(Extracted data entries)

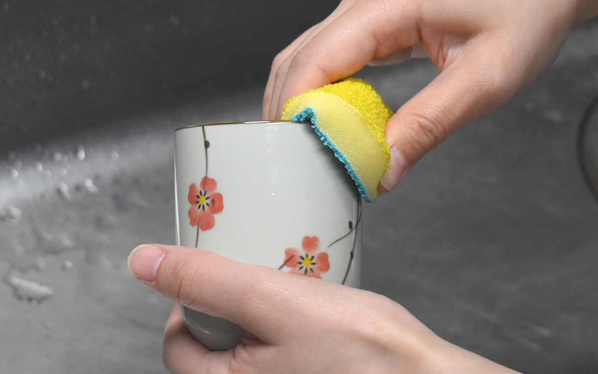 実際に湯飲みを洗ってみて「これは便利」と感じた点が、汚れ具合によってソフト面とハード面を使い分けられるということ。ハード樹脂面は洗剤いらずのパワーを備え、しっかり汚れをキャッチ。コンパクトで折り曲げやすいため、内側や縁も含めて湯飲み全体を丁寧に擦り洗いすることができました。
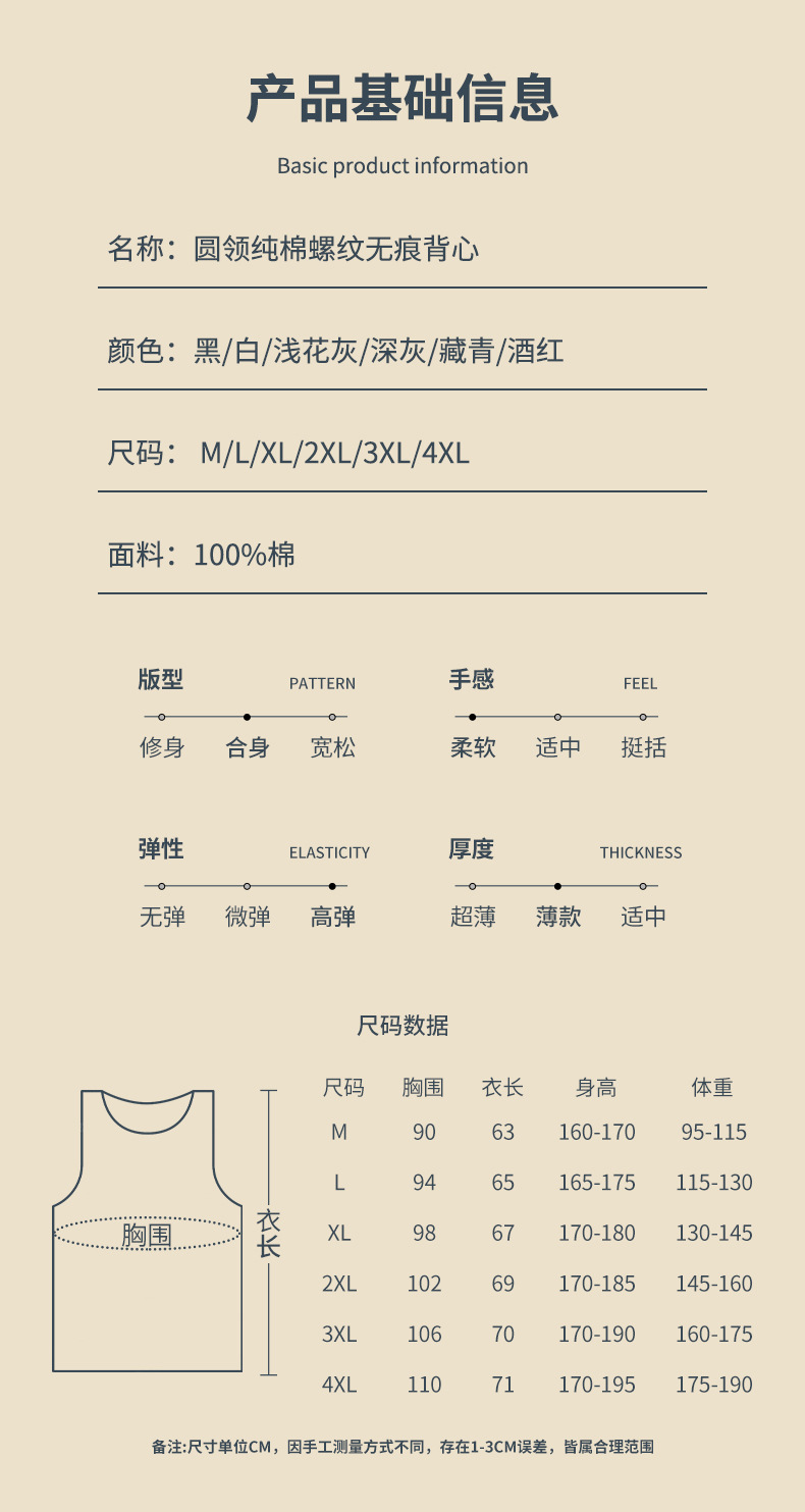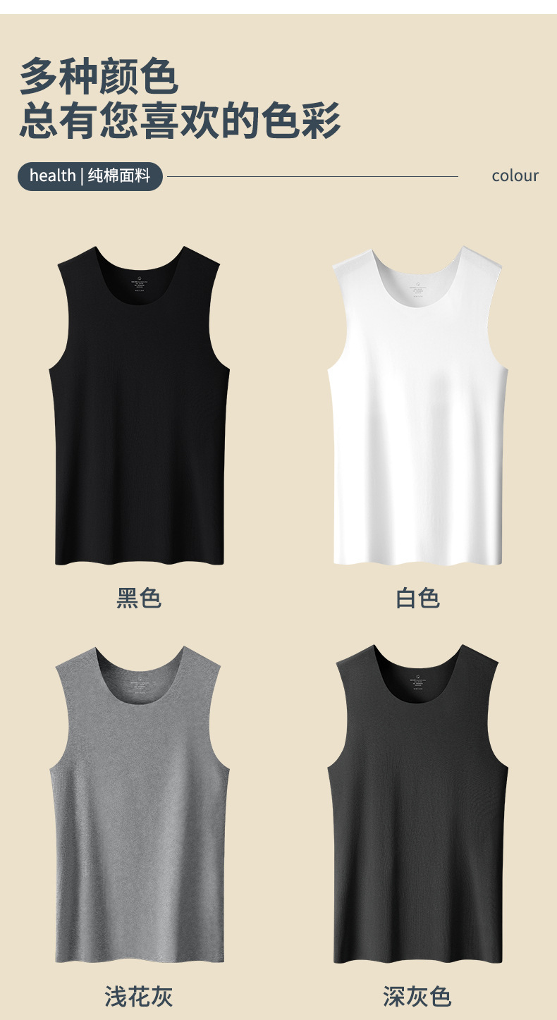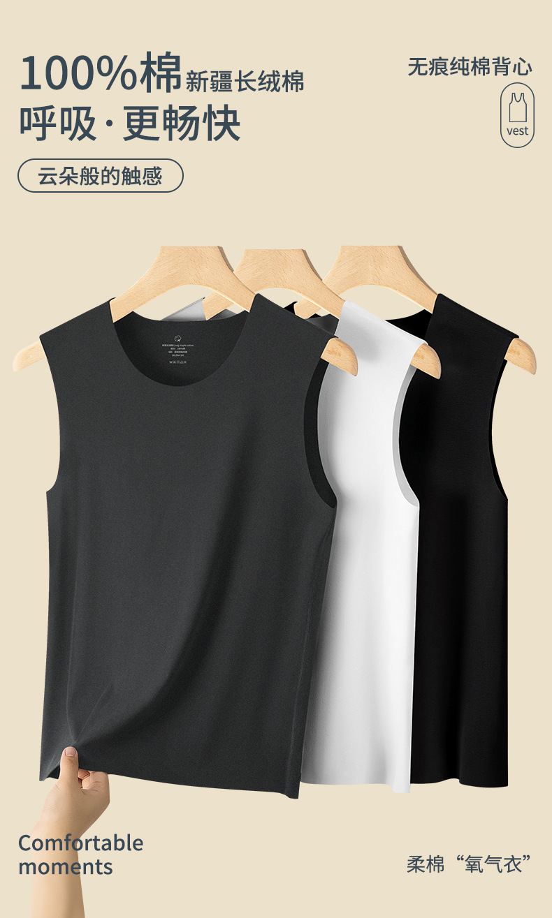 100%纯棉无痕男士背心纯棉内衣宽肩无袖内搭打底衫坎肩健身上衣潮
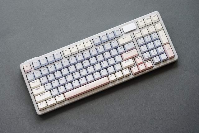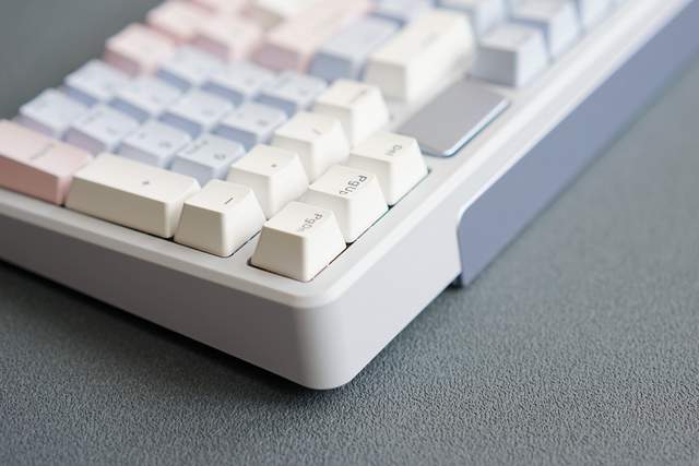 配色方面我这款为莫奈仙踪,键盘整体为奶白色,键帽则采用了灰蓝粉三拼色,风格上简约而富有个性,颜值清新且优雅。
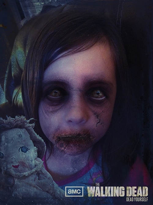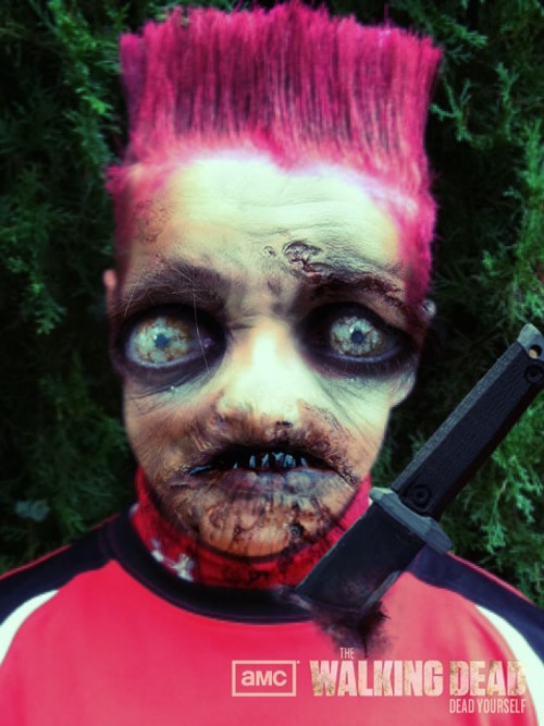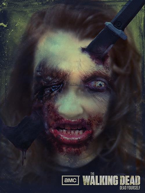 I was on The Walking Dead Facebook page this morning to find out when the new season starts next week, and I saw this Walking Dead iPhone app called Dead Yourself. I try not to write about apps unless I have a chance to experience them for myself to make sure they aren’t lame, and I’m happy to report that I’ve just wasted 20 minutes with one, which means it’s definitely not lame. I turned myself and my family (even my dog) into walkers (pics below).
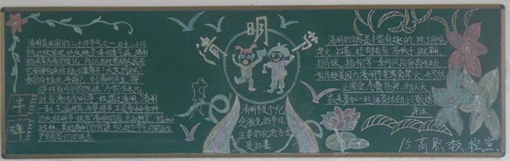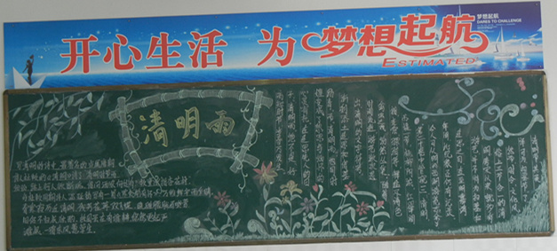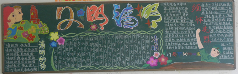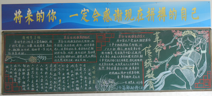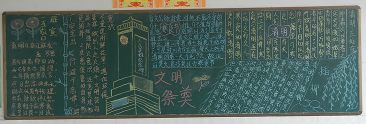 为进一步深入开展“我们的节日·清明”主题教育活动,创建和谐校园,展示学生的风采和能力,日前,我校举行了以“文明祭扫”为主题的黑板报评比活动。
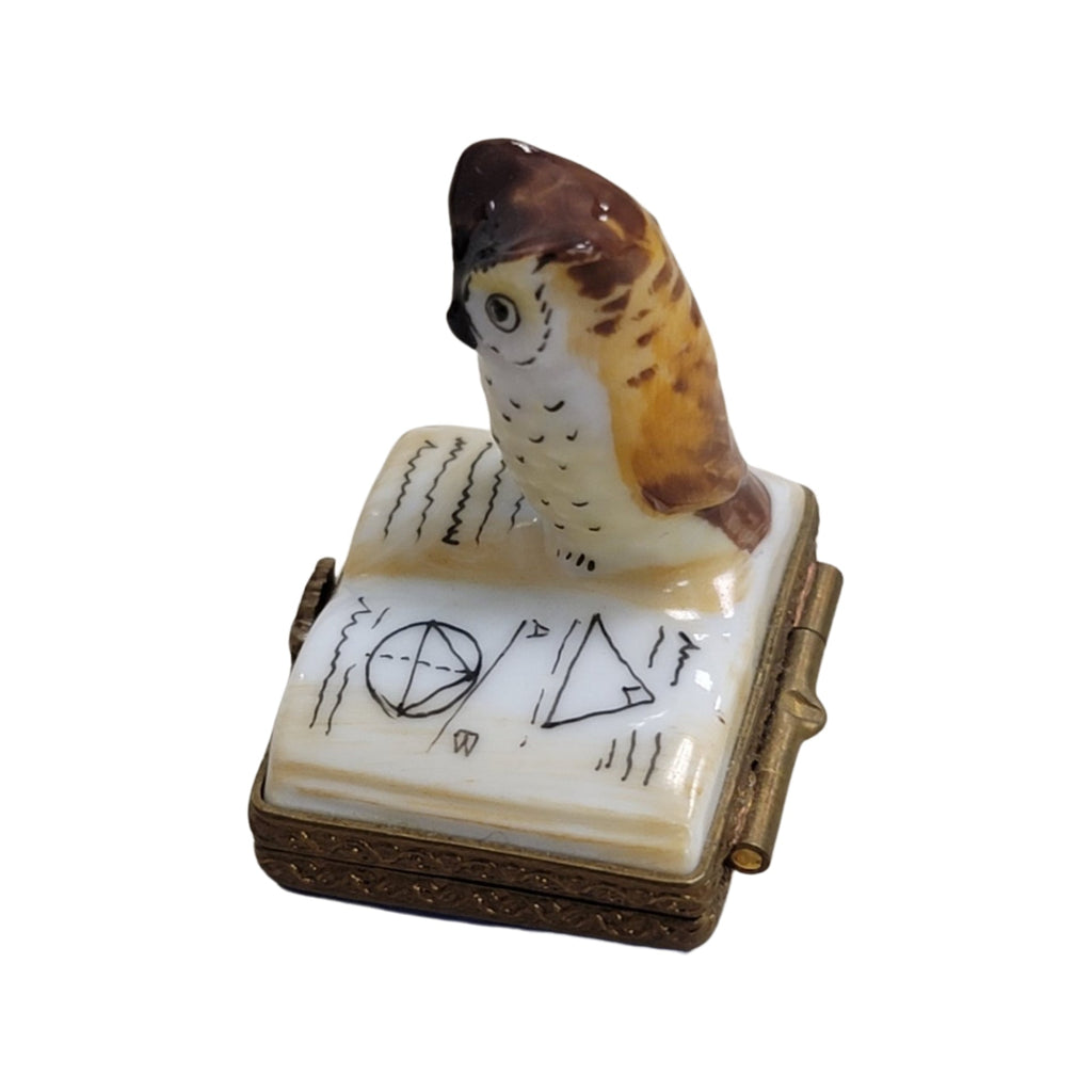 Owl Perched on Book Elegance - A Touch of Wisdom in Limoges Porcelain
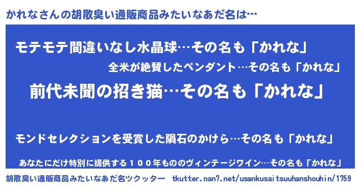 | ヘコむあだ名 | 『かれな(小並感)』『かれにゅー』 |

» Exercise: Repeat the data word for word, excluding any image.

» Result of this task:
 実際に湯飲みを洗ってみて「これは便利」と感じた点が、汚れ具合によってソフト面とハード面を使い分けられるということ。ハード樹脂面は洗剤いらずのパワーを備え、しっかり汚れをキャッチ。コンパクトで折り曲げやすいため、内側や縁も含めて湯飲み全体を丁寧に擦り洗いすることができました。
 100%纯棉无痕男士背心纯棉内衣宽肩无袖内搭打底衫坎肩健身上衣潮
 配色方面我这款为莫奈仙踪,键盘整体为奶白色,键帽则采用了灰蓝粉三拼色,风格上简约而富有个性,颜值清新且优雅。
 I was on The Walking Dead Facebook page this morning to find out when the new season starts next week, and I saw this Walking Dead iPhone app called Dead Yourself. I try not to write about apps unless I have a chance to experience them for myself to make sure they aren’t lame, and I’m happy to report that I’ve just wasted 20 minutes with one, which means it’s definitely not lame. I turned myself and my family (even my dog) into walkers (pics below).
 为进一步深入开展“我们的节日·清明”主题教育活动,创建和谐校园,展示学生的风采和能力,日前,我校举行了以“文明祭扫”为主题的黑板报评比活动。
 Owl Perched on Book Elegance - A Touch of Wisdom in Limoges Porcelain
 | ヘコむあだ名 | 『かれな(小並感)』『かれにゅー』 |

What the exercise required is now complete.